For models with RJ45 connectivity, the device supports Modbus RS485 communication. To set up RJ45 communications, users first install USR-VCOM and Modbus Poll software on their PC. The USR-K2 network port can be restored to factory settings by holding down the RESET button on the device while powering it on, then releasing after 5 seconds. The USR-VCOM software automatically detects the device, allowing users to create a virtual serial port. The PC's IP and gateway settings must be configured to be in the same frequency band as the USR-K2 port. This involves accessing the local connection properties and setting the "Internet protocol version 4 (TCP/IPv4)" parameters. Finally, the USR-K2 parameters are configured via a web browser by accessing the device's IP address (e.g., 192.168.0.7) and logging in.

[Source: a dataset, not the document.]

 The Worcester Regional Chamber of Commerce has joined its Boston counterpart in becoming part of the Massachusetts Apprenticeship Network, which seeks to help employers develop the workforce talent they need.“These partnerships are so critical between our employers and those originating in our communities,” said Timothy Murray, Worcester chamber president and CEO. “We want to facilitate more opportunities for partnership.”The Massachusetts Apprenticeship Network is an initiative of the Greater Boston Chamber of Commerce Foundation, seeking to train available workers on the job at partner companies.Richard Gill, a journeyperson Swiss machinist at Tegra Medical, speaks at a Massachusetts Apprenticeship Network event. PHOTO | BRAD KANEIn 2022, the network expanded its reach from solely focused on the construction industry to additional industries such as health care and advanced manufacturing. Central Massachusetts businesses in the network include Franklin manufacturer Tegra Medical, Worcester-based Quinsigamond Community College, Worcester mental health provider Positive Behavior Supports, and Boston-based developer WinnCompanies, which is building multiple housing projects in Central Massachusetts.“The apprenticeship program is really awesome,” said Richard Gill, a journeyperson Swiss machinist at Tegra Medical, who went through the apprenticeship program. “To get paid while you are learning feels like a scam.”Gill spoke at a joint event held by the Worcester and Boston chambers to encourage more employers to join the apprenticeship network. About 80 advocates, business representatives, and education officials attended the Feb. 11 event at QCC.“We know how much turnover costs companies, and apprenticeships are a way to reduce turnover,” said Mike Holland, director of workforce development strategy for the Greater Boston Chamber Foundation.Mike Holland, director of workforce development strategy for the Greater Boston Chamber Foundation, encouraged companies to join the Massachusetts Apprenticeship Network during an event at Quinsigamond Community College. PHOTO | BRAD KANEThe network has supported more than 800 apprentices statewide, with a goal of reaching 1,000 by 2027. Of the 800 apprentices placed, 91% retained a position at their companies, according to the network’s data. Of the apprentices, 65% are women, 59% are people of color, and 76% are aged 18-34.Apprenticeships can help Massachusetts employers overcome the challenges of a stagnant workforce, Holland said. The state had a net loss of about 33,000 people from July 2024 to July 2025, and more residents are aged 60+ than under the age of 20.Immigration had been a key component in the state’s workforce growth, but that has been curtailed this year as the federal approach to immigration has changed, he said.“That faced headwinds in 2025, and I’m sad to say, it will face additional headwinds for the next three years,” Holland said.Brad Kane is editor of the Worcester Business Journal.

Within the interface, users set the "Local IP Config" to "DHCP/Auto IP" and configure the "RS232/RS485" settings according to the QLEAR site requirements or other data collection systems. After saving all settings, the module is reset, and the device can then upload monitoring data to the QLEAR site via Ethernet.

Maintenance Features

To ensure optimal performance and longevity, the MSD detector requires periodic maintenance. The product should be maintained every six months after initial use. In environments with significant decoration or gray matter, or in larger spaces, the maintenance interval should be shortened.

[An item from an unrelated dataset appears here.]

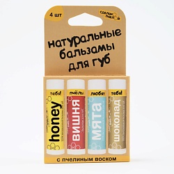 Сделанопчелой Набор бальзамов для губ Мед, Вишня, Мята, Шоколад

Maintenance procedures include cleaning the strainer and using an air pump or air suction tube to remove dust from inside the product. If the device has been placed on a construction site, it needs to be maintained to ensure normal operation. If measured value deviation occurs, or if embedded dust and debris cannot be cleaned, the device should be returned to the factory for re-cleaning and calibration (paid maintenance).

It is important to note that the MSD is a precise measuring device. If customers plan to decorate the house after installation, the unit should be protected by wrappings to prevent paint coating and dust from entering. The MSD cover should not be painted with other pigments, and care should be taken to avoid plugging the stoma or allowing paint to enter the MSD gas chamber.

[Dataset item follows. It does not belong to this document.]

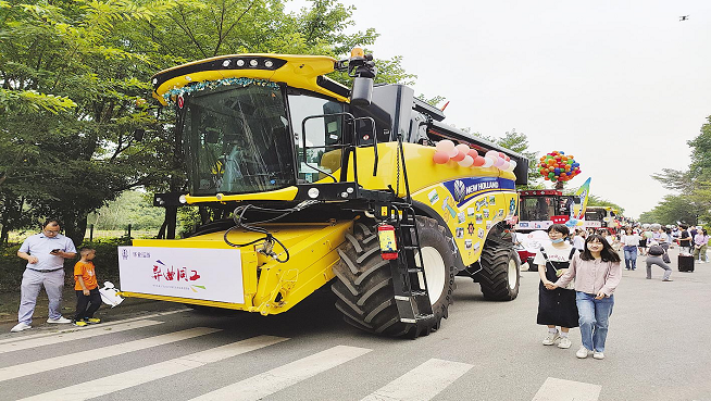 当天上午,师生们早早地聚集在该校工科实训基地,15辆经过各学院创意装扮的高端农机装备列阵待发。作为15辆机车的驾驶员之一,该校工学院谭鹤群教授说:“前两年我因为没有拖拉机驾照,没能为同学们驾驶机车送行,觉得特别遗憾。去年,我专门去考了拖拉机驾驶证,今年终于‘竞选’上了。以这种方式送别毕业生,不仅展示了现代农业风采,也是以特别的方式激励学子们逐梦远行。”

The product's installation location should be carefully selected to prevent direct sunlight exposure and keep it away from heat sources, power sources, or electrostatic precipitator equipment, as these can affect product accuracy. The device should also be protected from dropping or impact, which can cause sensor beam deviation in the gas chamber and lead to CO2 measurement inaccuracies. Long-term exposure to high concentrations of total organic volatile gases should be avoided, as this can lead to sensor poisoning that may not be reversible, especially if concentrations exceed the MSD TVOC range.

When multiple MSDs are wired and connected and share a power supply, it is crucial to ensure that the power supply wiring uses the correct polarity at the same name, as incorrect connections can damage the equipment.

It is not recommended to use cigarette smoke to test PM2.5 measurements. Cigarette particles are predominantly in the 0.1 to 0.5 micron range, and the resolution of laser detection is significantly reduced for particles smaller than 0.3 microns. Therefore, cigarette concentration does not accurately represent true PM2.5 concentration. For instance, a burning cigarette in a sealed box can result in concentrations over 10000ug/m³, and blowing cigarette smoke into a sealed box can lead to concentrations over 5000ug/m³. Using cigarettes for PM2.5 measurements can cause substantial deviation in measured values.

The MSD is designed for ceiling and wall installations and is not intended for outdoor use.